Detailed plan: [docs/cadforge-self-improving-curriculum.md](docs/cadforge-self-improving-curriculum.md)

## Artifacts

- Space: [sanjuhs/cadforge-cadquery-openenv](https://huggingface.co/spaces/sanjuhs/cadforge-cadquery-openenv)
- Dataset: [sanjuhs/cadforge-cadquery-agentic-traces](https://huggingface.co/datasets/sanjuhs/cadforge-cadquery-agentic-traces)
- Qwen3.5-2B SFT: [sanjuhs/qwen35-2b-cadforge-sft-lora](https://huggingface.co/sanjuhs/qwen35-2b-cadforge-sft-lora)
- Qwen3.5-2B GRPO: [sanjuhs/qwen35-2b-cadforge-grpo-lora](https://huggingface.co/sanjuhs/qwen35-2b-cadforge-grpo-lora)
- Qwen3.5-9B SFT: [sanjuhs/qwen35-9b-cadforge-sft-lora](https://huggingface.co/sanjuhs/qwen35-9b-cadforge-sft-lora)
- Qwen3.5-9B GRPO: [sanjuhs/qwen35-9b-cadforge-grpo-lora](https://huggingface.co/sanjuhs/qwen35-9b-cadforge-grpo-lora)
- Qwen3.5-9B strict GRPO: [sanjuhs/qwen35-9b-cadforge-grpo-strict-build-lora](https://huggingface.co/sanjuhs/qwen35-9b-cadforge-grpo-strict-build-lora)
- Qwen3.5-9B adaptive repair GRPO: [sanjuhs/qwen35-9b-cadforge-grpo-adaptive-repair-lora](https://huggingface.co/sanjuhs/qwen35-9b-cadforge-grpo-adaptive-repair-lora)
- Training evidence bundle: [sanjuhs/cadforge-training-evidence](https://huggingface.co/datasets/sanjuhs/cadforge-training-evidence)

## Adaptive Repair Curriculum

After strict GRPO, CADForge mined the `320` completion traces and generated a new adaptive repair curriculum.
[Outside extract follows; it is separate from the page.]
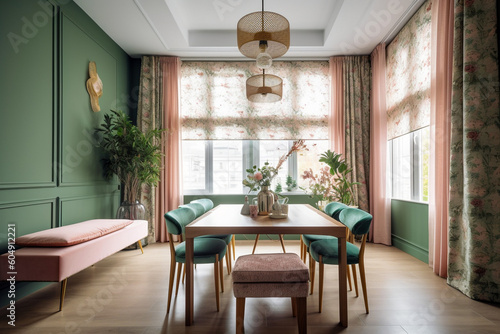 Modern cozy dining room, classic interior design with pastel colors. Super photo realistic background, generative ai illustration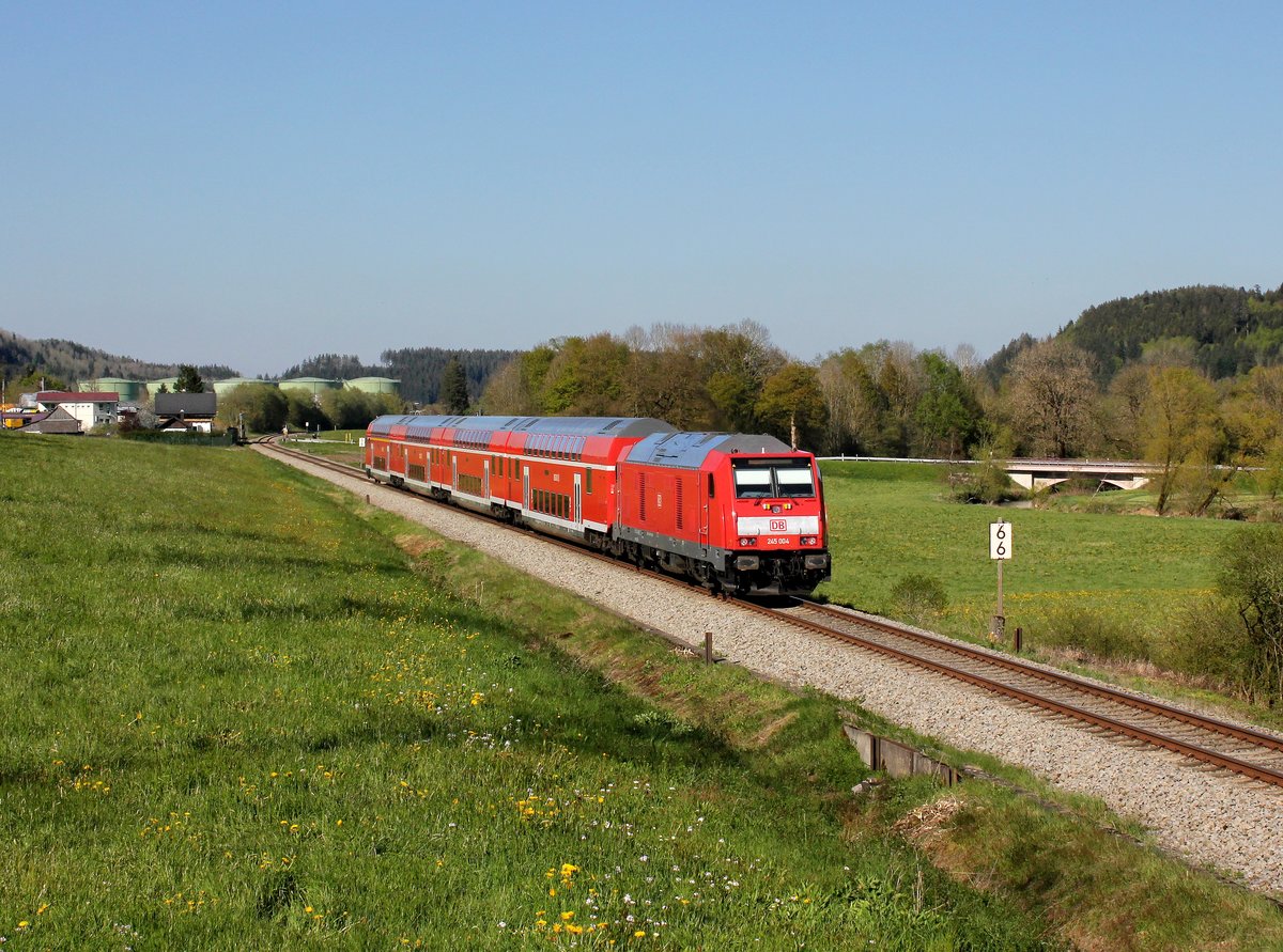 Die 245 004 mit einem Umgeleiteten RE am 05.05.2016 unterwegs bei Aichstetten.

The curriculum found the dominant failure class automatically:

| Failure class | Count |
|---|---:|
| syntax closure | `110` |
| type/value/CAD kernel errors | `47` |
| disconnected or weak geometry | `26` |
| undefined names | `20` |
| invented API | `17` |
| missing fixture | `15` |
| unknown build failure | `15` |
| low editability | `4` |

The first adaptive run was useful because it failed loudly: `120` repair completions produced `0` builds and showed clipped outputs. We fixed the curriculum and completion budget, reran it as `20260426-adaptive-repair-final-8192`, and got `53/180` buildable repairs with `0` clipped completions. That is the self-improvement loop in miniature: the environment found a concrete weakness, generated a targeted repair distribution, and the next run improved that failure mode.